It’s safe to say that if Daniel and I ever split up, we both know whose fault it is. Alex Trebek.
We’re usually quite calm, big laughers, loving, a little like Laverne and Shirley, maybe. Only one of us is the masculine counterpart. So a lot like Laverne and Shirley. Generally, we’re making jokes at the world’s expense, I’m reprimanding pasta when its starchy water bubbles over the pot, Daniel is making promises to God in return for sports favors. Harmony on the whole.
But come 7:30 each evening, there is a marked difference in our den. You see, every night we play a lil’ ol’ game called Jeopardy. I bet the neighbors could tell you more about it than we can; the two of us so embroiled in game play that the outside world could be blown to smithereens and we’d still be positively wailing, “What are… THINGS THAT RHYME WITH SAILBOAT!!!”. The change in sounds booming from our apartment from 7:29 to 7:30 are like a flick of the radio dial from Mozart to gangsta rap. The explicit version.
We are stubborn, the two of us. Competitive in the way that pageant moms are on Toddlers and Tiaras. Both would sooner sign our bodies over to science than yield an inch of trivia territory. Let me put it this way, we’ve thought seriously about getting a voice recorder so we can replay answers when we’re unclear on who chimed in first. Guaranteed the voice recorder would be a pile of plastic parts next to the wall, two categories in.
The problem I find is this: Daniel is brilliant. Don’t tell him I said that. No seriously, please don’t. It’s true, though, I’ve never met anyone so intelligent in every way. One of the reasons I fell in love with him was for his genius. And that’s all well and good when we’re living our lives outside of the thirty minute time slot for Jeopardy. But once Alex starts reading those answers, Daniel is running categories and I’m rolling a snowball into a snowman of hatred. And while I consider myself to be smarter than a fourth grader (I make no promises about fifth graders), I’ve had to adapt to my Mensa competitor by using guerrilla game tactics. Darwin is smiling from the grave.
These tactics include, but are not limited to: shouting, crying, threatening, making obscene wagers and perhaps most effective, cooking. He wins: burnt toast. I win: Thanksgiving dinner. It’s best if I win, since I’m the mayor of the kitchen.

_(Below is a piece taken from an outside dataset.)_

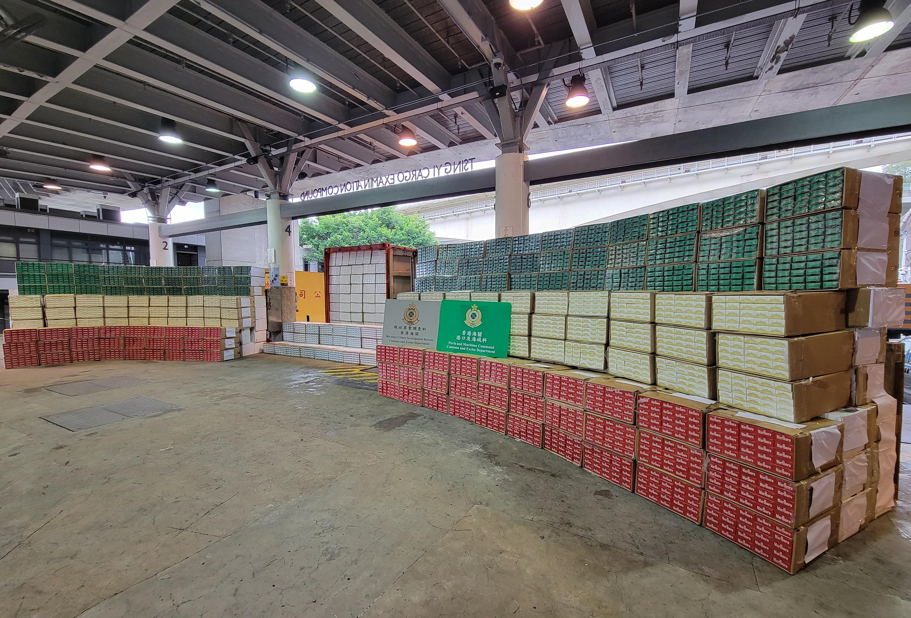 香港海關於五月四日及五日兩宗案件中,分別在元朗及葵涌海關大樓驗貨場檢獲共約二千七百萬支懷疑私煙,估計市值約七千四百萬元,應課稅值約五千一百萬元。

This dinner is one of the reasons our love can withstand Jeopardy. Chicken infused with the tartness of lime, bright notes of cilantro, and the fire of jalapeño. It is so moist and bold that one forkful into his mouth, Daniel forgot that I told him I hoped he’d never laugh again (sorry for that, Daniel). It’s made even more flavorful with a simple tomato-avocado salsa. Creamy, zesty, and cool. The whole meal conjures up the word ‘fresh’ in my mind. I served it with grilled vegetables, because the grill was hot and the timing was right and…anything that I can slightly blacken is a Daily Double in its own right.
Cilantro Lime Chicken
a big handful of fresh cilantro
And olive oil.
Pulse the mixture a few times to combine, until it is smooth.
Because I’m a little obscene about spice, I added some chili sauce in addition to the jalapeño. Very unnecessary for the rest of the world.

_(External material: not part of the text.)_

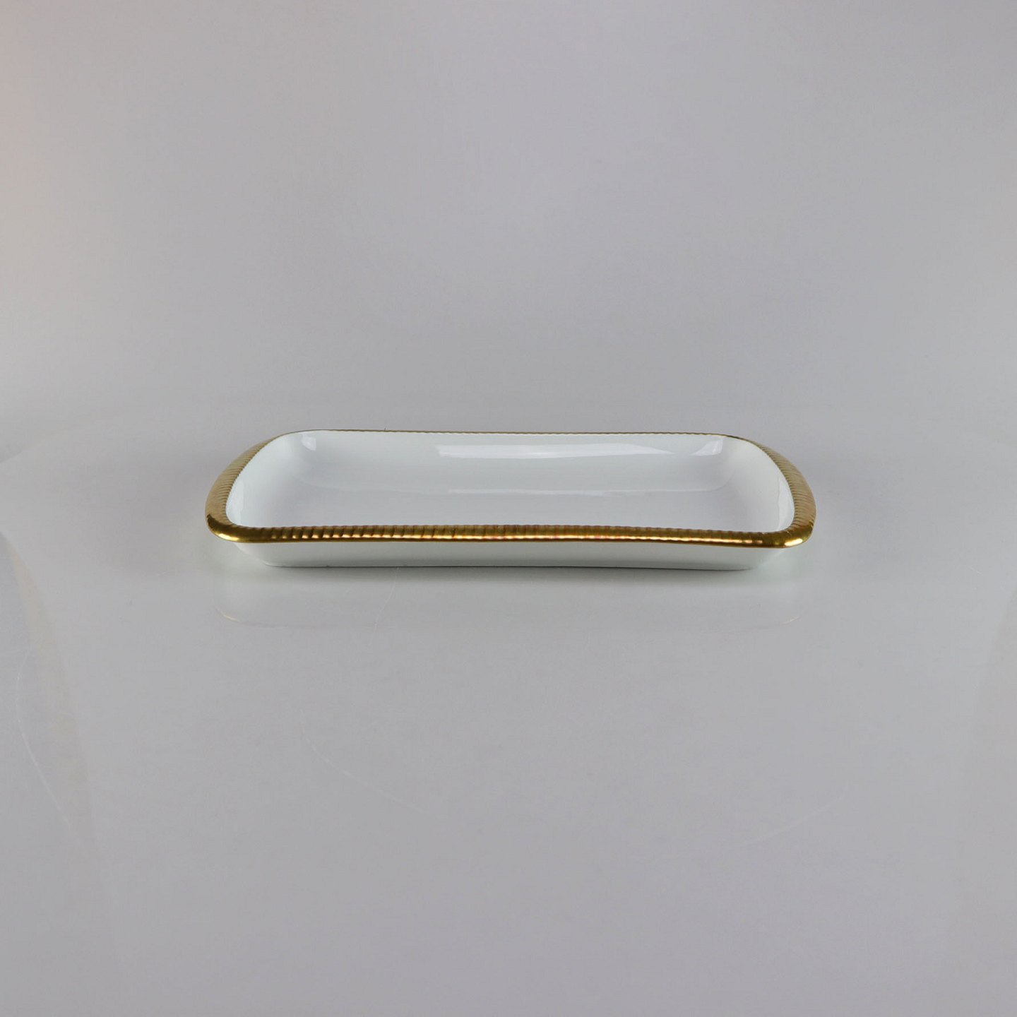 Serveringsfad i glat hvidt porcelæn med gylden kant

Toss to coat. Cover and let the chicken marinate for at least 2 hours.
Now get your grill good and hot.
Might as well throw a few veggies on there while you’re at it. Toss them with a few tablespoons of olive oil and a sprinkle of salt. Grill them for about 5 minutes per side.
Toss your chicken on the grill. Cook them for 5-6 minutes per side.
Cilantro Lime Chicken
- 2 limes, juiced, plus 1 tsp zest
- 2 cloves garlic
- 1/2 of a jalapeño pepper, sliced- ribs & seeds removed
- 1/2 cup fresh cilantro, minced
- 1 TBSP olive oil
- 1/2 tsp salt
- 2 boneless, skinless chicken breasts (about 5 oz each)

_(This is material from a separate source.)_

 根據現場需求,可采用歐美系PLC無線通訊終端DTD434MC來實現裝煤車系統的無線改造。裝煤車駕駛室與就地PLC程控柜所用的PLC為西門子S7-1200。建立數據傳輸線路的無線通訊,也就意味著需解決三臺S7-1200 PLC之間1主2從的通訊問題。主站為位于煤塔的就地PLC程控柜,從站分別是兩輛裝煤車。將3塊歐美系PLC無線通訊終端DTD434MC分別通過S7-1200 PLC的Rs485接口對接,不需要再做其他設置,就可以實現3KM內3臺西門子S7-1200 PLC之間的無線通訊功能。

- Combine all ingredients, except chicken, in a food processor and pulse until smooth and well combined.
- Pour the marinade over the chicken breasts in a wide, shallow bowl (or in a large, sealable plastic bag), and toss to coat. Cover the bowl and refrigerate for at least 2 hours (but no more than 24).
- Preheat your gas grill- all burners set to medium. When the grill is hot, add your chicken and cook for 5-6 minutes per side.
- Serve with a simple homemade salsa.
Tomato Avocado Salsa
(serves 2, makes about 1 1/4 cups)
- 3/4 cup cherry tomatoes OR 1 small vine ripe tomato
- 2 TBSP minced red onion
- 2 TBSP minced fresh cilantro
- 1 TBSP minced jalapeño pepper
- 1/3 of an avocado, diced
- pinch salt
- juice of 1 lime
Toss all ingredients in a small bowl, cover, and refrigerate for 30 minutes for flavors to blend. Use the salsa as a garnish or as a dip for tortilla chips.